Question

Question #a4462

Answer 1

`"11.1 days"`

Explanation:

Your tool of choice here will be the equation

`color(blue)(ul(color(black)(A_t = A_0 * (1/2)^n)))`

Here

• `A_t` is the amount of the radioactive substance that remains undecayed after a time period `t`
• `A_0` is the initial amount of said substance
• `n` is the number of half-lives that pass in the time period `t`

Your first goal here is to figure out the value of `n`. Start by rewriting the equation as

`A_t/A_0 = (1/2)^n`

This will be equivalent to

`ln(A_t/A_0) = ln[(1/2)^n]`

`ln(A_t/A_0) = n * ln(1/2)`

Since

`ln(1/2) = ln(1) - ln(2) = - ln(2)`

you can say that

`n = -ln(A_t/A_0)/ln(2)`

Plug in your values to find

`n = - ln((0.100 color(red)(cancel(color(black)("g"))))/(0.750color(red)(cancel(color(black)("g")))))/ln(2) = 2.907`

Now, you know that `2.907` half-lives must pass in order for the sample to be reduced from `"0.750 g"` to `"0.100 g"` and that radon-222 has a half-life of `3.823` days.

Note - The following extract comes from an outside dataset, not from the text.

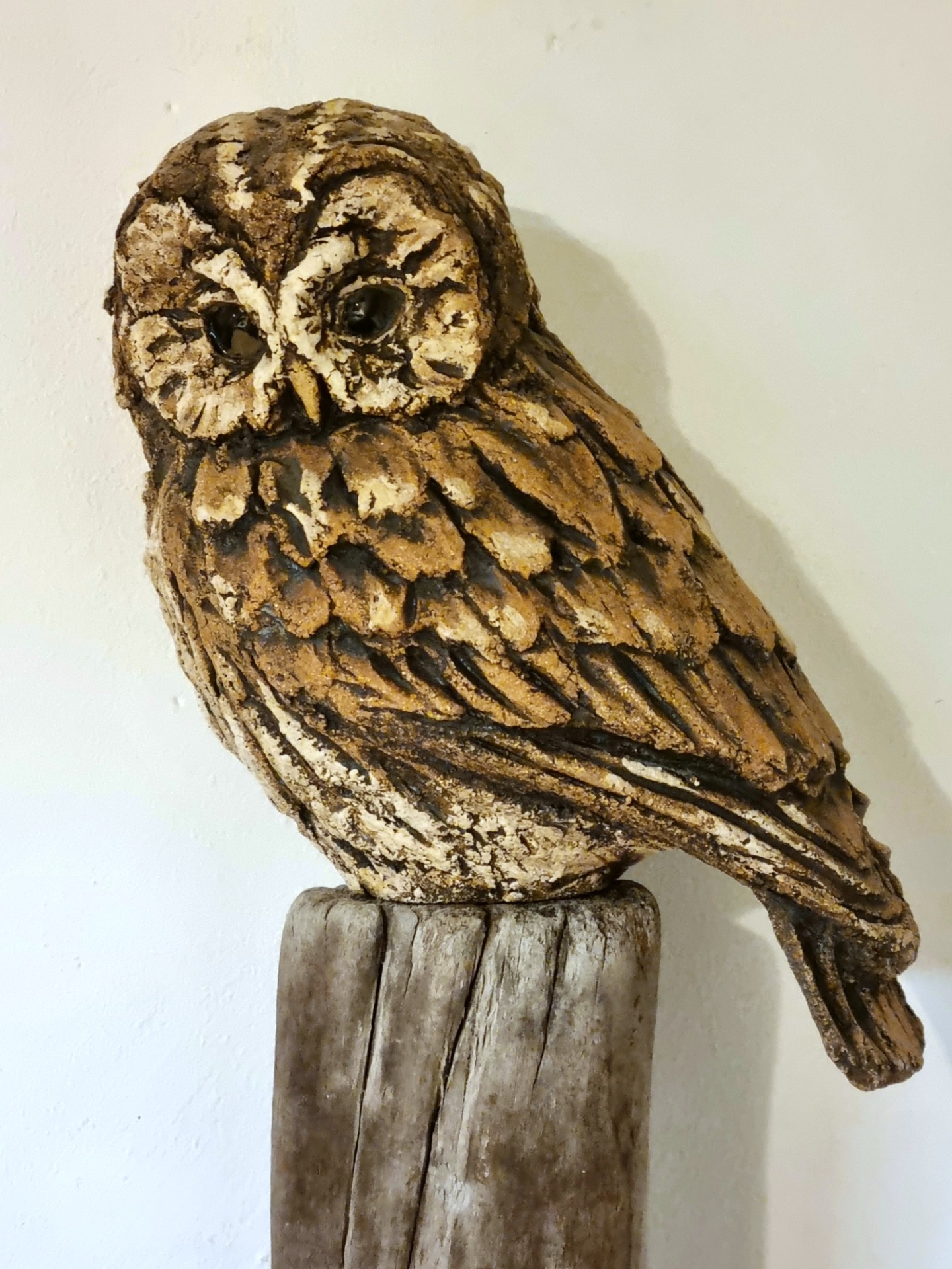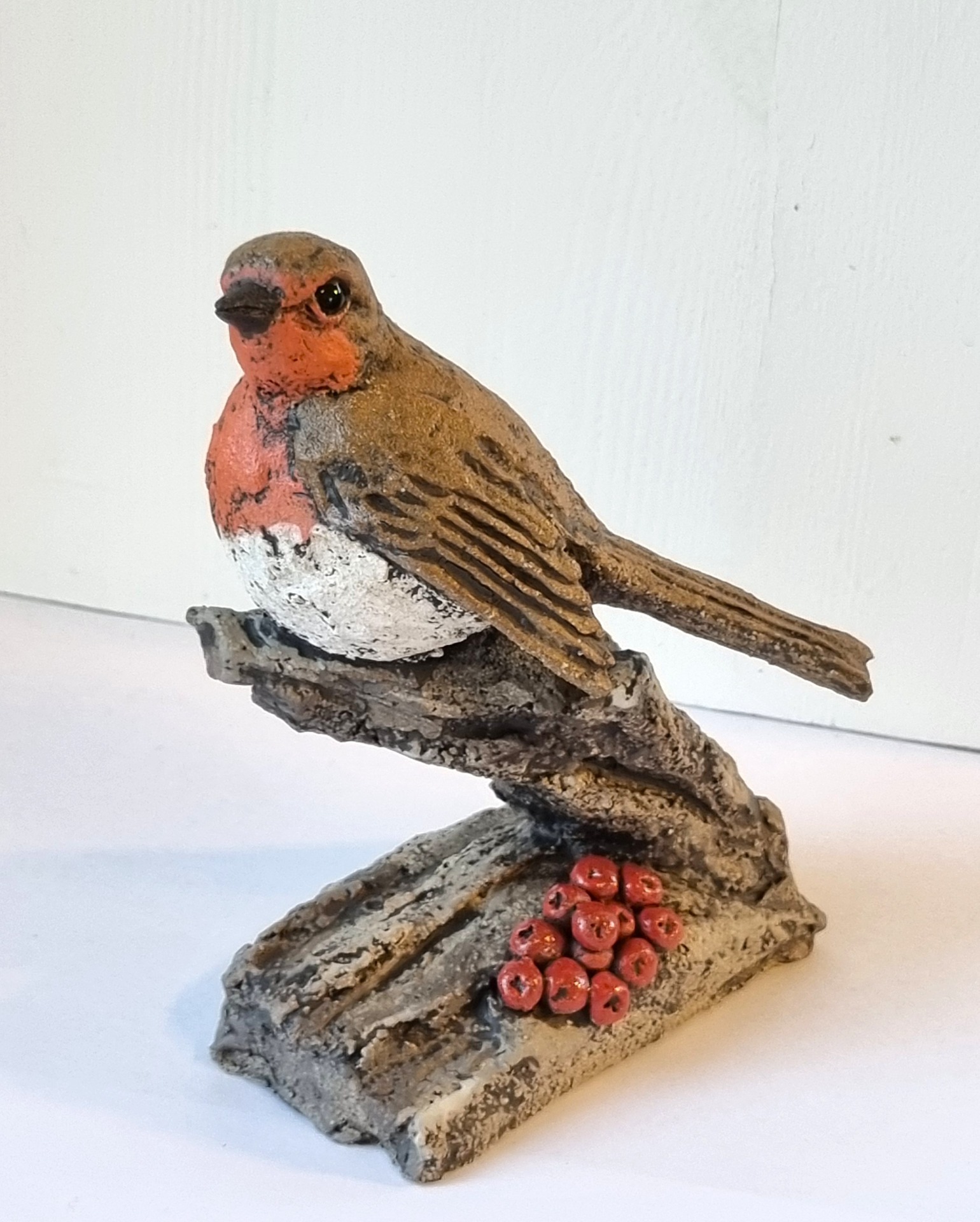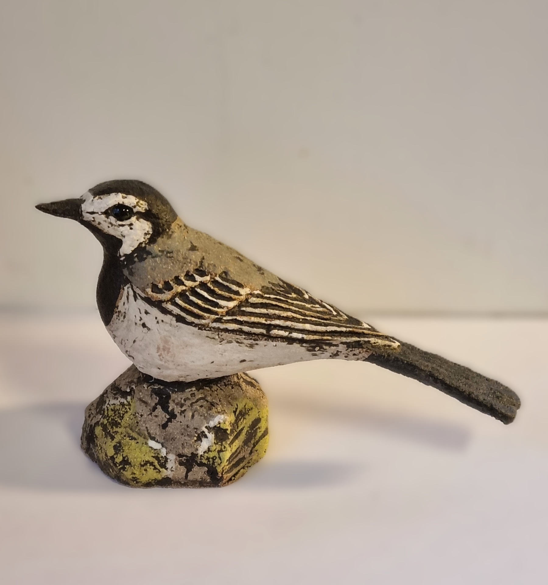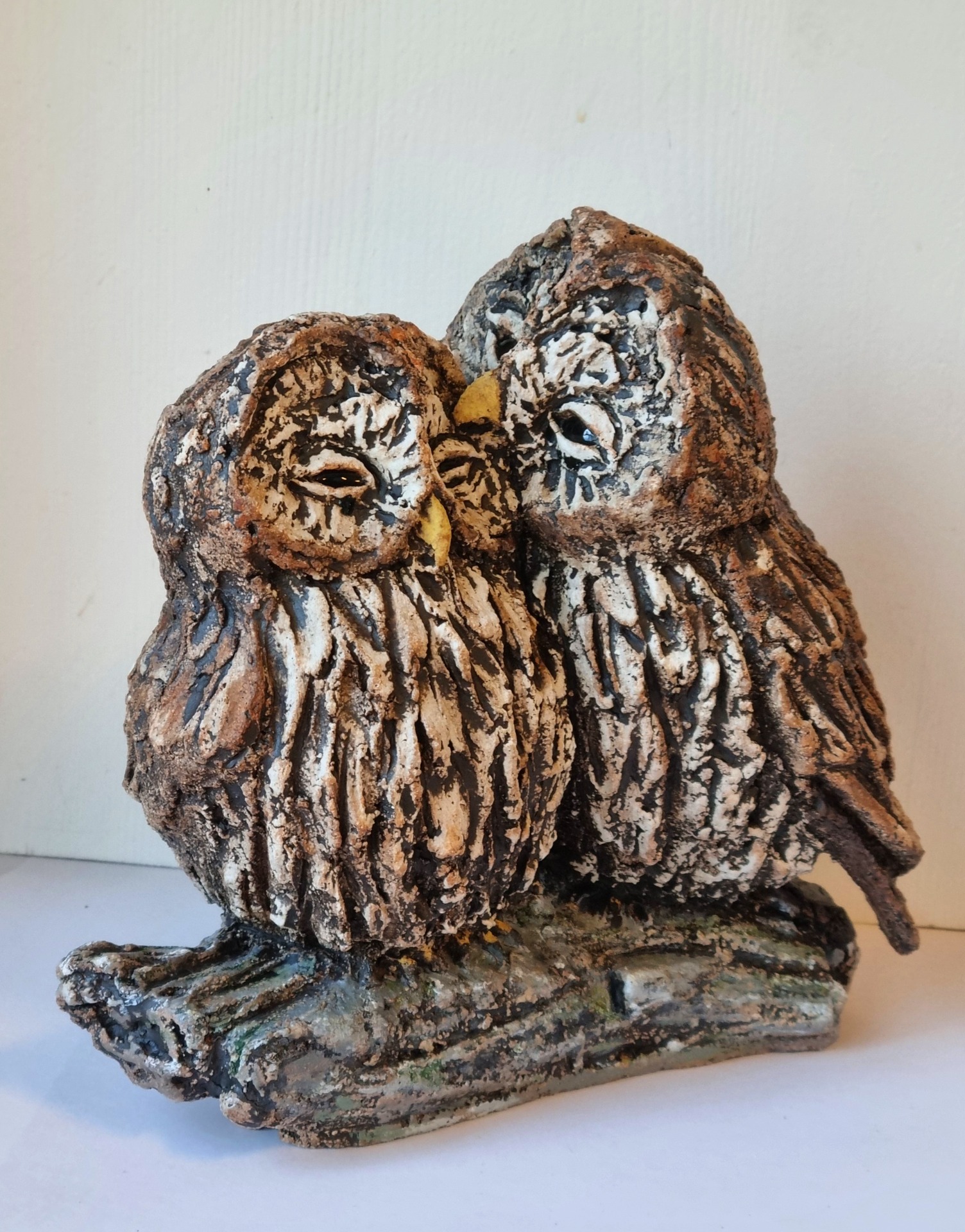 Unike håndlagede fugler i grov keramikk. Sokkel i tre eller keramikk. Kan henge /stå inne eller utendørs. Selges ikke engros.

The number of half-lives that pass in a given period of time can be written as

`color(blue)(ul(color(black)(n = "total time that passes"/"half-life" = t/t_"1/2")))`

The total time `t` needed will be

`n = t/t_"1/2" implies t = n * t_"1/2"`

In your case, you will have

`color(darkgreen)(ul(color(black)(t = 2.907 * "3.823 days" = "11.1 days")))`

The answer is rounded to three sig figs, the number of sig figs you have for the initial and final mass of the sample.